TLDR Alaya Governance Token (AGT) is the utility and governance token for Alaya AI, a decentralized platform using blockchain and gamification to crowdsource AI training data while ensuring quality and user incentives.
- Decentralized AI data infrastructure – Connects distributed communities to create labeled datasets for AI models
- Dual incentive model – Combines token rewards with NFTs to balance data quality and community growth
- Governance backbone – Enables voting on platform upgrades and AI model development priorities
Deep Dive
1. Core Purpose & Value Proposition
AGT powers a Web3 protocol addressing the $200B+ AI data industry’s centralization problem. Traditional AI companies rely on low-paid “data mills” that produce biased datasets from limited demographics (Alaya AI). Alaya’s solution:
- Distributes data labeling tasks globally via blockchain
- Uses game mechanics to prevent task-grinding (capping daily rewards but allowing unlimited social referrals)
- Automatically filters outliers using statistical validation
This aims to create more representative training data while letting contributors monetize their expertise.
2. Token Mechanics & Governance
AGT serves three primary functions:
1. Staking – Users stake AGT to participate in labeling tasks, with higher stakes granting access to specialized datasets
2. Model Funding – Developers create AGT-denominated pools to finance AI model training
3. Governance – Token holders vote on:
- Data validation algorithms
- Reward distribution formulas
- Integration partners (e.g., DePIN projects)

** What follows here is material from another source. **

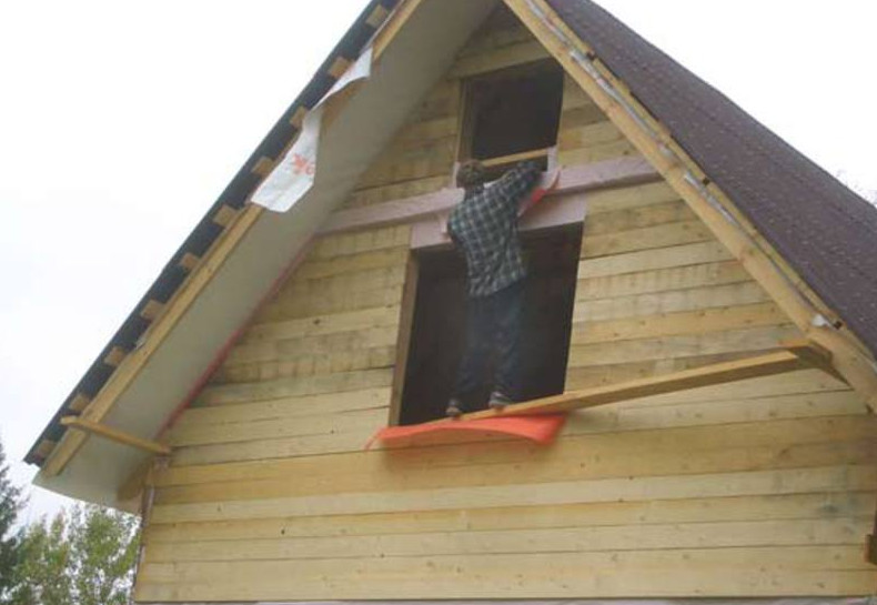 - Внешняя отделка фронтона монтируется на каркас поверх ветрозащиты. Обычно используется вагонка, блокхаус или имитация бруса.
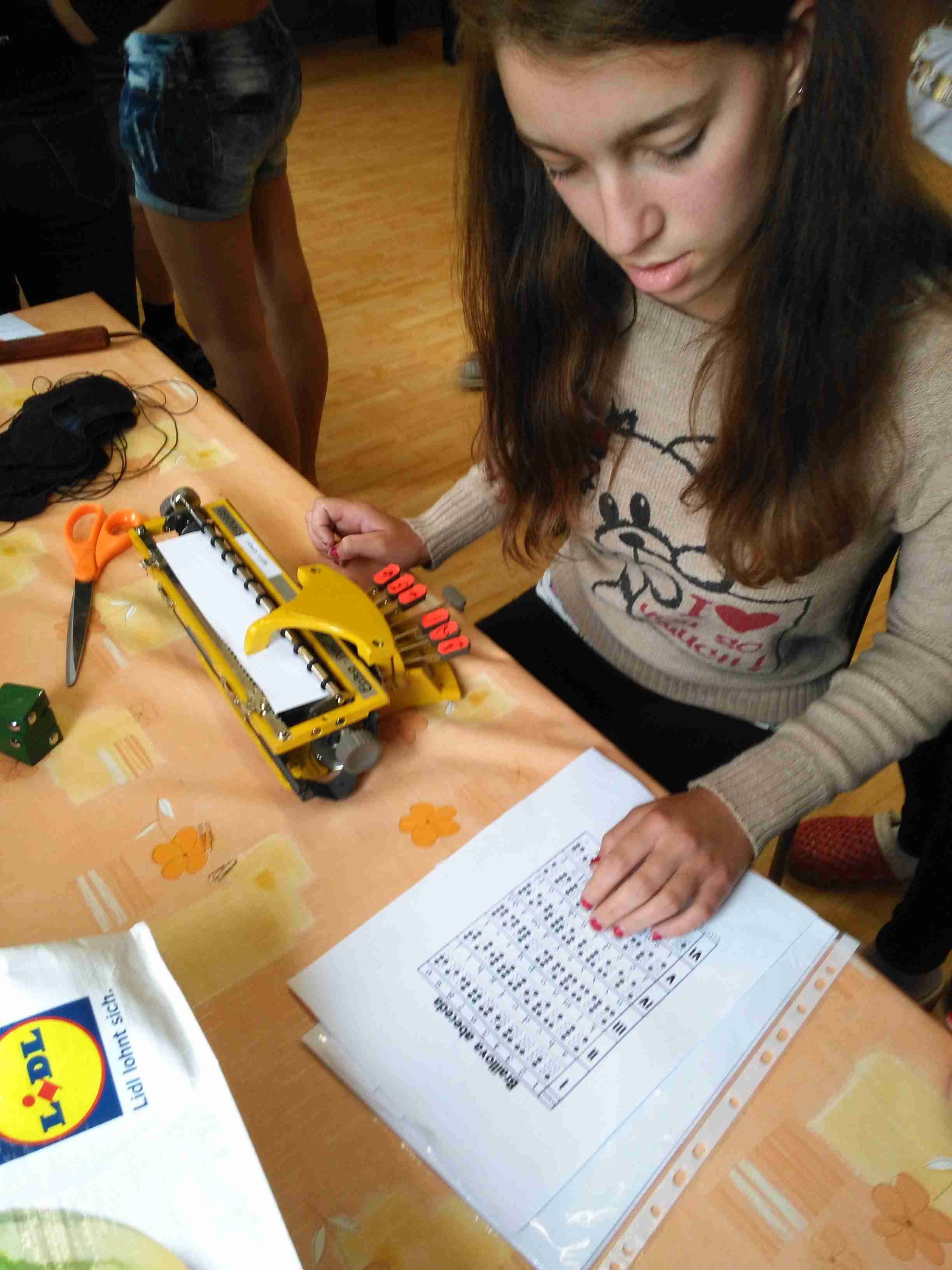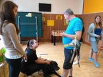 Dopoledne strávené v základní škole Bučovice přineslo žáky mnoho zajímavého a poučného. Pracovníci kyjovské odbočky představili žákům kompenzační pomůcky, které zrakově postižení a nevidomí lidé používají k samostatnému životu, proškolili je jak pomoci, jak vodit nevidomé lidi a vtáhli je do činností běžného dne nevidomého.

A dual NFT system complements this – tradeable NFTs unlock task tiers, while non-transferable “medallion NFTs” certify user expertise (Alaya’s NFT System).
3. Web3 Integration Strategy
Unlike centralized competitors like Scale AI, Alaya lets projects create custom reward pools using their own tokens alongside AGT. This composability aims to attract Web3-native AI startups needing niche data (e.g., medical imaging datasets tokenized as NFTs).
Conclusion
AGT anchors a decentralized network seeking to disrupt AI’s data supply chain through community-powered labeling and transparent governance. While still early-stage, its hybrid model of staking, NFTs, and cross-chain incentives presents a novel approach to AI development. Can AGT’s economic design sustainably balance data quality, contributor rewards, and model developer needs as adoption scales?